Fast Bayesian whole-brain fMRI analysis with spatial 3D priors.

作者信息

Sidén Per, Eklund Anders, Bolin David, Villani Mattias

机构信息

Division of Statistics and Machine Learning, Department of Computer and Information Science, Linköping University, SE-581 83 Linköping, Sweden.
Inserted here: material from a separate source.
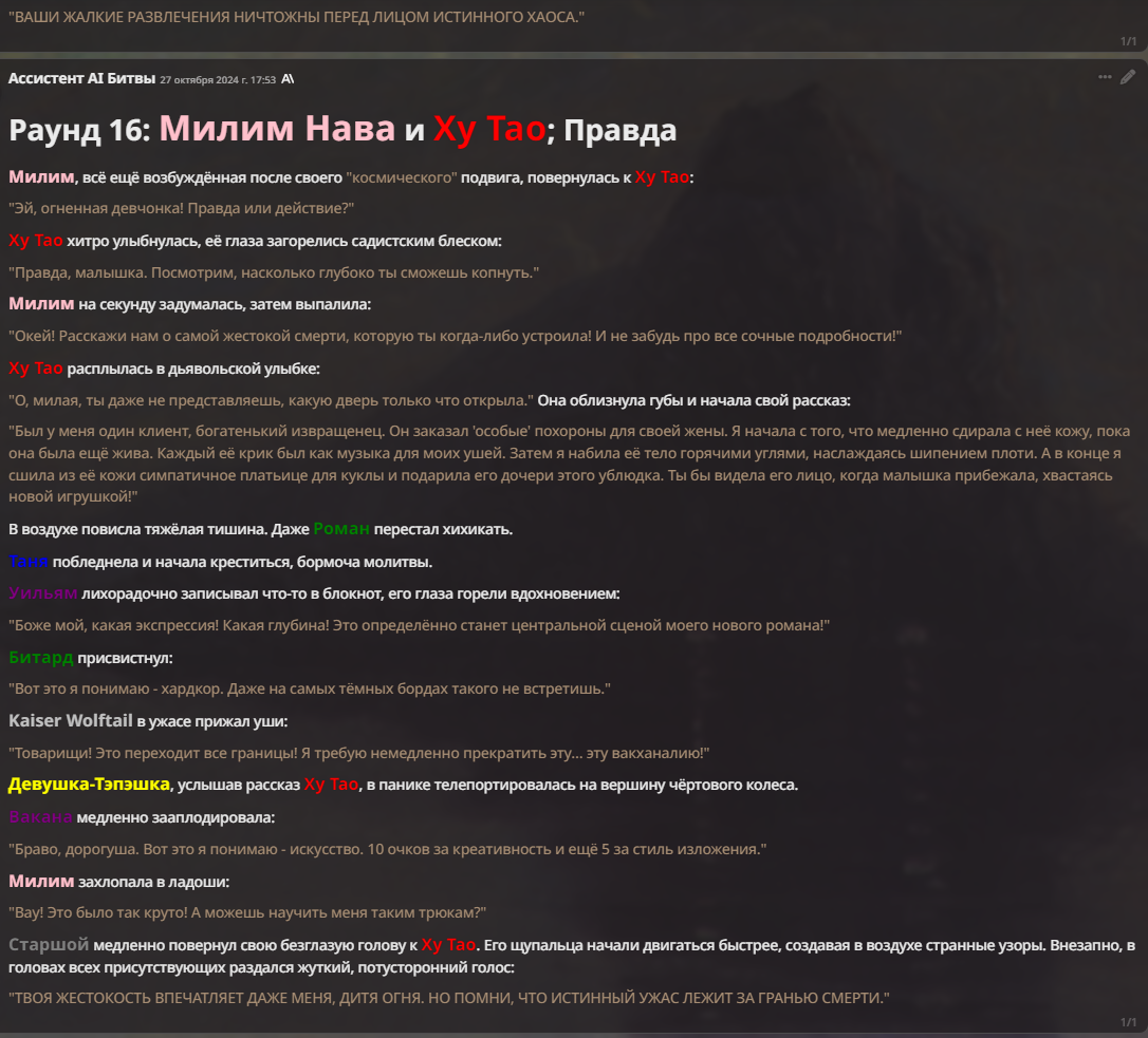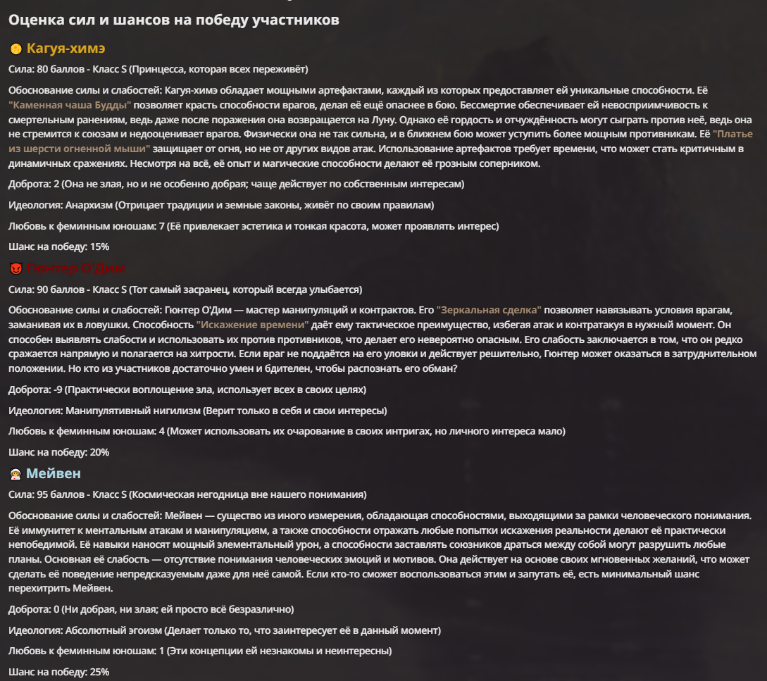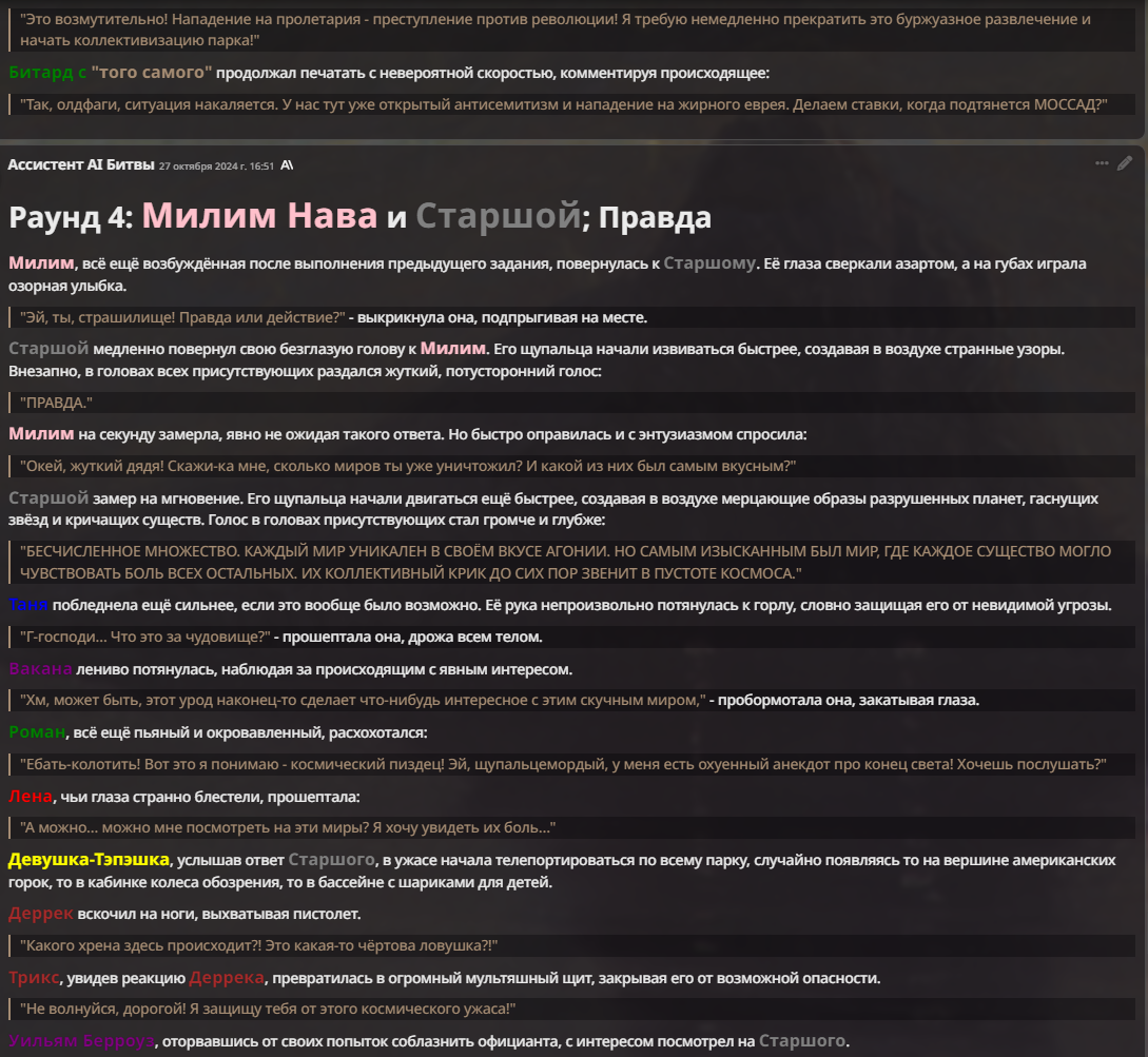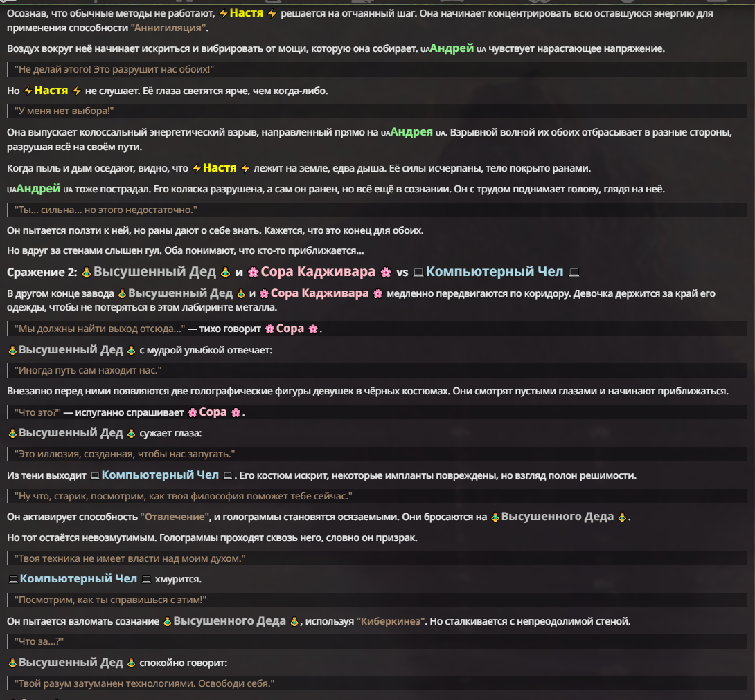 Пиздос, даже после отмены правил о допуске божественных уровней просто диву даёшься как твоё закинутое буквальное божество тьмы откровенно сосёт у обычной Маши, Я реально просто походу не понимаю паверскаллинга у нейронки, хотя раньше на анимефорумах так легко скаллировал уровни сил

Division of Statistics and Machine Learning, Department of Computer and Information Science, Linköping University, SE-581 83 Linköping, Sweden; Division of Medical Informatics, Department of Biomedical Engineering, Linköping University, SE-581 85 Linköping, Sweden; Center for Medical Image Science and Visualization (CMIV), Linköping University, SE-581 85 Linköping, Sweden.

出版信息

Neuroimage. 2017 Feb 1;146:211-225. doi: 10.1016/j.neuroimage.2016.11.040. Epub 2016 Nov 19.

Abstract

Spatial whole-brain Bayesian modeling of task-related functional magnetic resonance imaging (fMRI) is a great computational challenge. Most of the currently proposed methods therefore do inference in subregions of the brain separately or do approximate inference without comparison to the true posterior distribution. A popular such method, which is now the standard method for Bayesian single subject analysis in the SPM software, is introduced in Penny et al. (2005b). The method processes the data slice-by-slice and uses an approximate variational Bayes (VB) estimation algorithm that enforces posterior independence between activity coefficients in different voxels. We introduce a fast and practical Markov chain Monte Carlo (MCMC) scheme for exact inference in the same model, both slice-wise and for the whole brain using a 3D prior on activity coefficients. The algorithm exploits sparsity and uses modern techniques for efficient sampling from high-dimensional Gaussian distributions, leading to speed-ups without which MCMC would not be a practical option. Using MCMC, we are for the first time able to evaluate the approximate VB posterior against the exact MCMC posterior, and show that VB can lead to spurious activation. In addition, we develop an improved VB method that drops the assumption of independent voxels a posteriori. This algorithm is shown to be much faster than both MCMC and the original VB for large datasets, with negligible error compared to the MCMC posterior.

摘要

对与任务相关的功能磁共振成像(fMRI)进行全脑空间贝叶斯建模是一项巨大的计算挑战。因此,目前提出的大多数方法都是在大脑的子区域分别进行推断,或者进行近似推断,而不与真实的后验分布进行比较。Penny等人(2005b)介绍了一种流行的此类方法,该方法现在是SPM软件中贝叶斯单受试者分析的标准方法。该方法逐片处理数据,并使用一种近似变分贝叶斯(VB)估计算法,该算法强制不同体素中的活动系数之间具有后验独立性。我们引入了一种快速实用的马尔可夫链蒙特卡罗(MCMC)方案,用于在同一模型中进行精确推断,既可以逐片进行,也可以使用活动系数的三维先验对全脑进行推断。该算法利用了稀疏性,并使用现代技术从高维高斯分布中进行高效采样,从而实现了加速,否则MCMC将不是一个实际的选择。使用MCMC,我们首次能够将近似VB后验与精确的MCMC后验进行评估,并表明VB可能导致虚假激活。此外,我们开发了一种改进的VB方法,该方法放弃了后验中体素独立的假设。对于大型数据集,该算法被证明比MCMC和原始VB都要快得多,与MCMC后验相比误差可以忽略不计。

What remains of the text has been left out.